Once you take the cheesecake crust out of the oven, pour the pumpkin pie layer over the cheesecake layer and spread it out evenly. Then you let the whole thing cook for 35 to 40 minutes.
After that, refrigerate the bars for at least 4 hours prior to cutting and serving.
To make them even more extra special than they already are, you can top them with any of the Honest Syrups that you like. So many of the flavors would be amazing on these bars.
Do I have to store these pumpkin cheesecake bars in the fridge?
Yes, these pumpkin bars should be kept in the fridge until they are gone or for up to 4 days.
I highly doubt they will last that long though. With their buttery crust and layers of creamy cheesecake and pumpkin pie filling, these bars get eaten super fast!
Can you freeze these keto pumpkin pie bars?
Yes, these bars freeze well. In fact, if you wanted to make them ahead of time and freeze them up to a month ahead of time you can. Just let the bars cool completely in the fridge and then freeze the whole tray.
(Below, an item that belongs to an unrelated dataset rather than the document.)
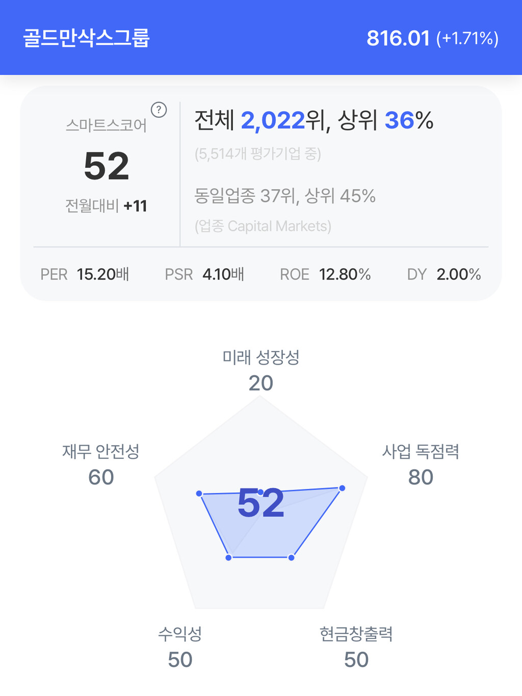골드만삭스 주가는 1.71% 상승한 816.01달러를 기록했다.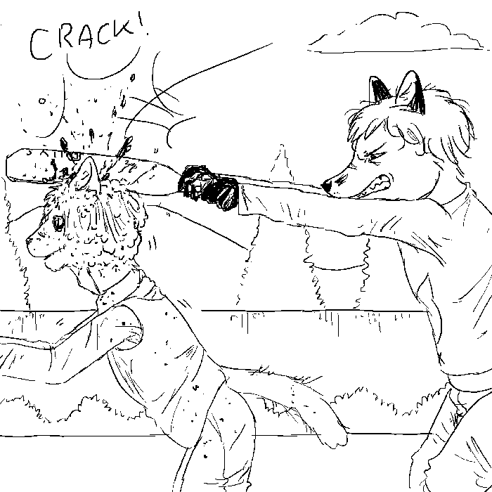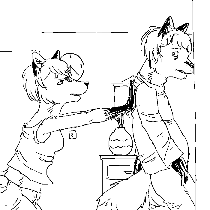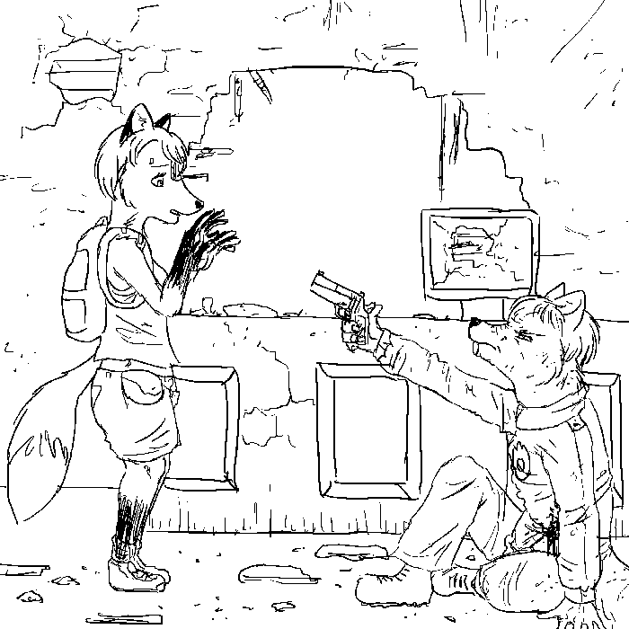 "Could you point that gun away from me, please? It's hard for me to think with it all in my face." He glares back up at Rina.

You could even cut a few squares and freeze them for later in the event you don’t think you will eat them all within 4 days of making them.
Almond Pecan Crust
Keto Cheesecake Layer
- 8 oz cream cheese
- 1/4 cup sour cream
- 2 large eggs
- 1 tsp vanilla
- 1/4 cup Granular Monk Fruit Erythritol
Pumpkin Pie Layer
- Preheat the oven to 350
- Mix all of the ingredients for the crust in a blender or bowl.
- Use a rubber spatula to press the crust down into the square pan
- Cook crust for 5 minutes and remove it from the oven
- Mix cheesecake layer by adding all of the ingredients to a stand mixer
- Add the cheesecake layer to the pre-cooked crust & cook this layer for 8 minutes
- Mix all of the ingredients for the pumpkin pie layer
- Add it to the top of the cheesecake layer
- Cook for an additional 35-40 minutes. You want the center of the cheesecake to be jiggly.
- Allow the dessert to cool. Refrigerate it for at least 4 hours.